Smart Cities, Water Harvesting, Solar Electricity
Nathan Allen, nallen@email.arizona.edu, Biosphere 2
Allen currently coordinates the Biosphere 2 Model City research program utilizing the B2 campus as a test bed for research and development of
green technology integration including renewable energy, smart grid, rainwater and grey water systems, building management, and cyber security
systems. He studies the performance of novel solar PV installation methods; the ability of forecasting to reduce costs of variable energy generated by
renewables; the environmental impacts of large-scale solar development; and the water energy nexus. He manages corporate partnerships within the
solar PV, rainwater catchment, water and electric utilities, infrastructure monitoring and control, and data analytics industries. He collaborates with
academics from multiple universities in physics, optics, architecture, systems and industrial engineering, electrical and power engineering,
education, political science, economics, and earth, environmental and ecological sciences.

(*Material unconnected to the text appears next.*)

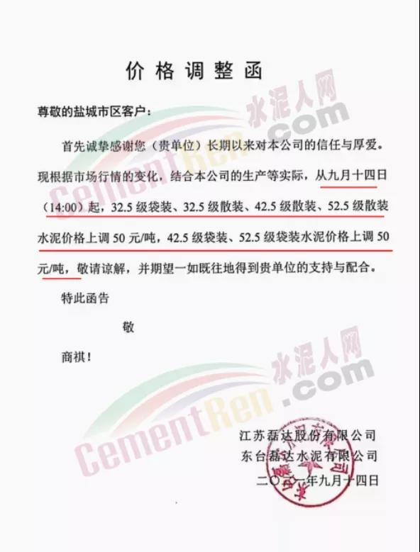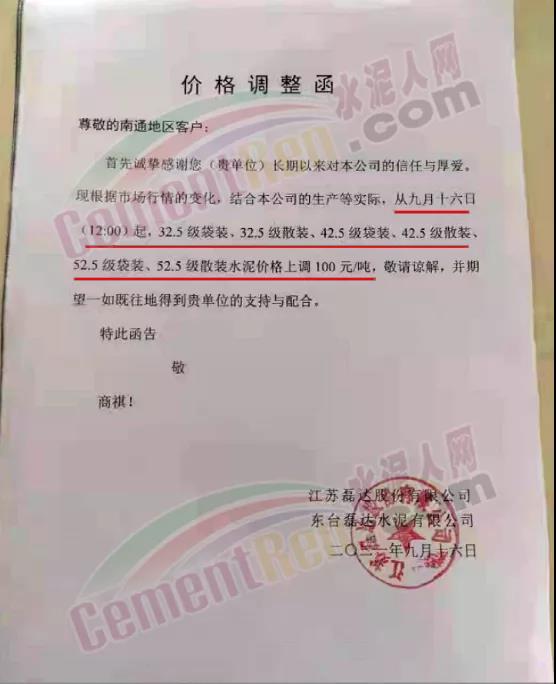 江陰綺星水泥有限公司通知,自9月16日12時起,所有等級水泥統(tǒng)一上調(diào)100元/噸。

Rainforest Response to Climate Change and trace gas exchange across the soil-atmosphere boundary
Joost van Haren, jvanhare@email.arizona.edu, Biosphere 2 and Honors College Dr. van Haren studies the effect of climate change on tropical
ecosystem activity and in particular the exchange of greenhouse gases across the soil-atmosphere boundary.
Tropical forests are the most dynamic ecosystems in the world, however they are threatened by deforestation and climate change. The potential
response of tropical forests to climate change is uncertain, because little experimentation under predicted future environmental conditions
(increased temperature and decreased precipitation) has been done in tropical ecosystems. Biosphere 2 provides an opportunity to study tropical
ecosystem processes under future conditions. The student(s) involved in this project will have the opportunity to work within the B2 tropical forest to
investigate both plant and microbial responses to changing temperature and precipitation.
The exchange of greenhouse gases across the soil-atmosphere boundary greatly influences the global budgets of these gases, but is still poorly
understood, especially in regard to the influence of biology on the rates. In Biosphere 2, students will have the opportunity to measure the gas
exchange in a range of ecosystems from pure bare soil (LEO) to tropical vegetation.